TERRA.WIRE
Cyclone closes in on Bangladesh, India
DHAKA, Nov 15 (AFP) Nov 15, 2007
Authorities in Bangladesh and eastern India raced Thursday to evacuate hundreds of thousands of people from vulnerable coastal areas as a powerful cyclone closed in.

Cyclone Sidr, which is moving north over the Bay of Bengal and packing ferocious winds of up to 200 kilometres (130 miles) per hour and torrential rains, is expected to hit land between 9:00 pm (1530 GMT) and midnight.

The first area to be lashed will be around the Sunderbans, a vast mangrove forest straddling the India-Bangladesh border. The coastal area is also home to many poor fishing communities and the endangered Royal Bengal tigers.

"We started evacuating people from vulnerable coastal areas and our volunteers are using microphones asking people to take shelter in cyclone shelters," said Asraf Shameen, an administrative chief in Bangladesh.
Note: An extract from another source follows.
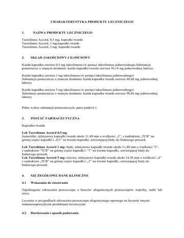 CHARAKTERYSTYKA PRODUKTU LECZNICZEGO 1. NAZWA PRODUKTU LECZNICZEGO Tacrolimus Accord, 0,5 mg, kapsułki twarde Tacrolimus Accord, 1 mg,kapsułki twarde Tacrolimus Accord, 5 mg, kapsułki twarde 2. SKŁAD JAKOŚCIOWY I ILOŚCIOWY Każda kapsułka zawiera 0,5 mg takrolimusu (w postaci takrolimusu jednowodnego.Substancje pomocnicze o znanym działaniu: każda kapsułka twarda zawiera 50,14 mg jednowodnej laktozy. Każda kapsułka zawiera 1 mg takrolimusu (w postaci takrolimusu jednowodnego) Substancje pomocnicze o znanym działaniu: każda kapsułka twarda zawiera 48,68 mg jednowodnej laktozy Każda kapsułka zawiera 5 mg takrolimusu (w postaci takrolimusu jednowodnego) Substancje pomocnicze o znanym działaniu: każda kapsułka twarda zawiera 98,86 mg jednowodnej laktozy Pełny wykaz substancji pomocniczych, patrz punkt 6.1. 3. POSTAĆ FARMACEUTYCZNA Kapsułka twarda Lek Tacrolimus Accord 0,5 mg Jasnożółte, żelatynowe kapsułki twarde około 11,40 mm o wielkości „5”, z nadrukiem „TCR” na górnej części kapsułki i „0,5” na trzonie kapsułki, zawierającej biały do białawego proszek. Lek Tacrolimus Accord 1 mg: białe, żelatynowe kapsułki twarde około 11,40 mm o wielkości "5", z nadrukiem “TCR” na górnej części kapsułki i “1” na trzonie kapsułki, zawierającej biały do białawego proszek. Lek Tacrolimus Accord 5 mg: różowe, żelatynowe kapsułki twarde około 14,30 mm o wielkości „4” z nadrukiem „TCR” na górnej części kapsułki i „5” na trzonie kapsułki, zawierającej biały do białawego proszek. 4. SZCZEGÓŁOWE DANE KLINICZNE 4.1 Wskazania do stosowania Zapobieganie odrzucaniu przeszczepu u biorców alogenicznych przeszczepów wątroby, nerki lub serca. Leczenie w przypadkach odrzucenia przeszczepu alogenicznego opornego na leczenie innymi immunosupresyjnymi produktami leczniczymi. 4.2 Dawkowanie i sposób podawania Dawkowanie Terapia takrolimusem wymaga starannego monitorowania przez odpowiednio przeszkolony i wyposażony personel. Ten produkt leczniczy mogą przepisywać oraz wprowadzać zmiany w leczeniu immunosupresyjnym, wyłącznie lekarze, którzy posiadają doświadczenie w leczeniu immunosupresyjnym oraz postępowaniu z pacjentami po przeszczepieniu narządów. Nieumyślna, niezamierzona lub nienadzorowana przez lekarza zamiana postaci farmaceutycznych o szybkim uwalnianiu lub o przedłużonym uwalnianiu takrolimusu jest niebezpieczna. Może ona prowadzić do odrzucania przeszczepionego narządu lub zwiększenia częstości działań niepożądanych, w tym niewystarczającej lub nadmiernej immunosupresji, w wyniku klinicznie znaczących różnic w ogólnoustrojowej ekspozycji na takrolimus. Pacjent powinien otrzymywać jedną postać farmaceutyczną produktu leczniczego zawierającego takrolimus, zgodnie z odpowiadającym mu dobowym schematem dawkowania. Zmiana postaci farmaceutycznej produktu leczniczego zawierającego takrolimus lub zmiana schematu dawkowania powinny odbywać się wyłącznie pod wnikliwym nadzorem specjalisty transplantologa (patrz punkt 4.4 i 4.8). Podczas zamiany na jakikolwiek inny produkt leczniczy zawierający takrolimus konieczne jest monitorowanie stężenia leku we krwi i dostosowanie dawki, aby mieć pewność, że ogólnoustrojowa ekspozycja na takrolimus pozostała niezmieniona. Uwagi ogólne Przedstawione poniżej zalecenia dotyczące dawek początkowych należy traktować wyłącznie jako wskazówkę. Dawkowanie produktu leczniczego Tacrolimus Accord należy ustalać indywidualnie na podstawie klinicznej oceny odrzucania i tolerowania przeszczepu ,wspomagając się monitorowaniem stężenia leku we krwi (patrz poniżej „Zalecenia dotyczące docelowych najniższych skutecznych stężeń w pełnej krwi”). Jeśli wystąpią kliniczne objawy odrzucania, należy rozważyć zmianę schematu leczenia immunosupresyjnego. Takrolimus można podawać dożylnie lub doustnie. Zazwyczaj leczenie można rozpocząć od podawania produktu leczniczego doustnie. W razie konieczności zawartość kapsułki można podać przez sondę nosowo-żołądkową w postaci zawiesiny w wodzie. W początkowym okresie pooperacyjnym produkt leczniczy Tacrolimus Accord podaje się rutynowo w połączeniu z innymi lekami immunosupresyjnymi. Dawka produktu leczniczego Tacrolimus Accord może różnić się w zależności od wybranego schematu leczenia immunosupresyjnego. Sposób podawania Zaleca się przyjmowanie dobowej dawki produktu leczniczego w dwóch dawkach podzielonych (np. rano i wieczorem). Kapsułki należy przyjmować natychmiast po wyjęciu z blistra. Połknięte kapsułki należy popić płynem (najlepiej wodą). W celu uzyskania maksymalnego wchłaniania kapsułki należy przyjmować na czczo lub co najmniej 1. godzinę przed lub 2 do 3. godzin po posiłku. (patrz punkt 5.2). Czas trwania leczenia Aby zahamować odrzucanie przeszczepu, konieczne jest utrzymywanie immunosupresji. Nie ma wobec tego ograniczeń czasu trwania leczenia doustnego. Zalecane dawkowanie – przeszczepienie wątroby Zapobieganie odrzucaniu przeszczepu – dorośli Doustne leczenie takrolimusem należy rozpocząć od dawki 0,10 mg/kg mc./dobę do 0,20 mg/kg mc./dobę, podawanej w dwóch dawkach podzielonych (np. rano i wieczorem). Podawanie produktu leczniczego należy rozpocząć około 12 godzin po zakończeniu zabiegu chirurgicznego. Jeśli kliniczny stan pacjenta nie pozwala na doustne podawanie dawki, należy rozpocząć dożylne podawanie w dawce 0,01 mg/kg mc./dobę do 0,05 mg/kg mc./dobę w ciągłej infuzji trwającej 24 godziny. Zapobieganie odrzucaniu przeszczepu – dzieci Doustna dawka początkowa wynosi 0,30 mg/kg mc./dobę, podawana w dwóch dawkach podzielonych (np. rano i wieczorem). Jeśli kliniczny stan pacjenta nie pozwala na doustne podawanie dawki, początkową dawkę dożylną 0,05 mg/kg mc./dobę należy podawać w ciągłej infuzji trwającej 24 godziny. Dostosowanie dawki w okresie potransplantacyjnym u doros

Officials also travelled by speedboat to islands to warn residents to evacuate. The area's many coastal islands, whose shifting sand banks are home to some of the world's poorest people, are thought most at risk from the storm.

"The houses are made of only tin, bamboo and straw, which cannot withstand storms," said another Bangladeshi district administrator, Mohammad Monjur-e-Elahi.

The cyclone, visible in satellite images as a huge swirling white mass over the Bay of Bengal, was set to unleash tidal surges of up to six metres (20 feet) in some areas, Bangladesh weather official Bazlur Rashid said.

"The storm is still strong and we expect it to hit in the evening. The most vulnerable districts are Khulna and Barisal," he said. The two areas are in southern Bangladesh, between the capital Dhaka and the Indian city of Kolkata.

In 1970, some half a million people died when a cyclone hit Bangladesh, while an estimated 138,000 people died in a cyclonic tidal wave in 1991.

The lower death toll in 1991 was attributed to a network of cyclone shelters and a warning system introduced after the 1970 disaster.

Fishing boats have been ordered to remain in port until further notice and in Khulna alone, 250,000 people were being moved to shelters and medical teams were in place.

Supplies of dried food were also being stockpiled and the army and navy were on stand-by, a Bangladeshi official said.

Chittagong airport and sea port, to the east of the cyclone's path, were also closed.

Officials were also on high alert in neighbouring India's coastal states of West Bengal and Orissa.

"The cyclone has a diameter of about 500 kilometres with a wall of clouds about 200 kilometres tall," Ladu Ram Meena, deputy director of the weather centre for India's eastern region, told AFP.

"Cyclone Sidr is moving very fast. The speed of the cyclone may intensify further towards evening."

Authorities in India have been told to halt rail and other transportation in some areas due to the likelihood of heavy floods, Meena added. Large-scale damage to power and communication lines was also expected.

Kanti Ganguly, a West Bengal state minister, told AFP that 50,000 people had been evacuated from the area, with a similar number still being moved to safer ground.

The cyclone is expected to fizzle out on Saturday over India's northeastern state of Assam and just south of the mountain kingdom of Bhutan.